Changefeeds work as jobs in CockroachDB, which allows for monitoring and debugging through the DB Console Jobs page and SHOW JOBS
SQL statements using the job ID.
New in v22.2.1: By default, changefeeds treat errors as retryable except for some specific terminal errors that are non-retryable.
- retryable: The changefeed will automatically retry whatever caused the error. (You may need to intervene so that the changefeed can resume.)
- non-retryable: The changefeed has encountered a terminal error and fails.
The following define the categories of non-retryable errors:
- When the changefeed cannot verify the target table's schema. For example, the table is offline or there are types within the table that the changefeed cannot handle.
- The changefeed cannot convert the data to the specified output format. For example, there are Avro types that changefeeds do not support, or a CDC transformation is using an unsupported or malformed expression.
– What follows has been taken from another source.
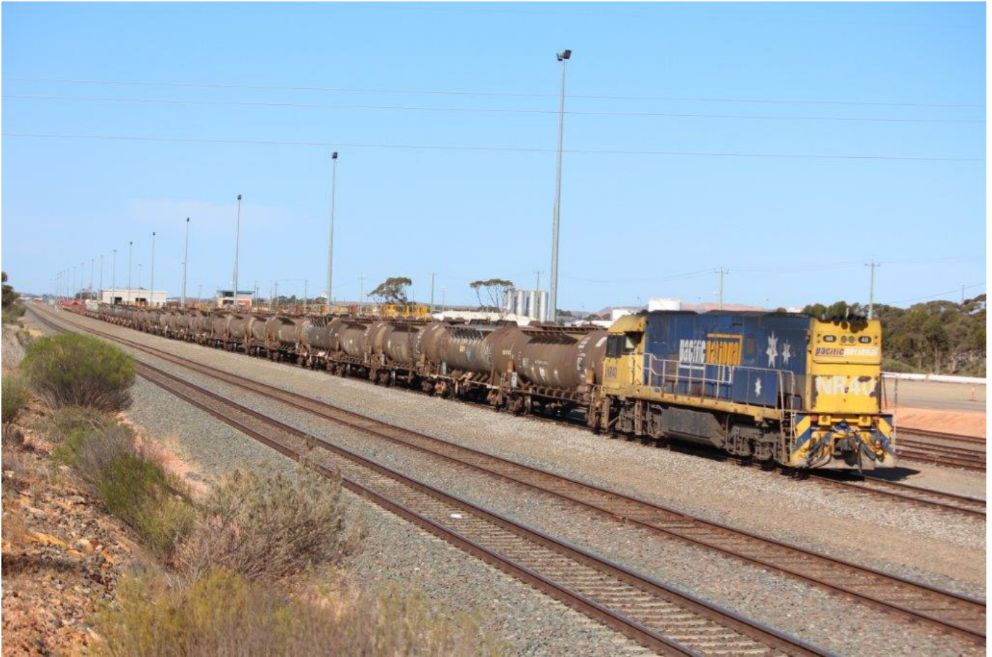
With NR85 sent to rescue failed 6MP5 on the desert, NR40 was left to run 2446 empty fuel solo to Esperance, 11/11.
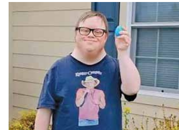
EASTER BUNNY VISITED JV

- The terminal error happens as part of established changefeed behavior. For example, you have specified the
schema_change_policy=stop
option and a schema change happens.
We recommend monitoring changefeeds with Prometheus to avoid accumulation of garbage after a changefeed encounters an error. See Garbage collection and changefeeds for more detail on how changefeeds interact with protected timestamps and garbage collection. In addition, see the Recommended changefeed metrics to track section for the essential metrics to track on a changefeed.
Monitor a changefeed
Monitoring is only available for Enterprise changefeeds.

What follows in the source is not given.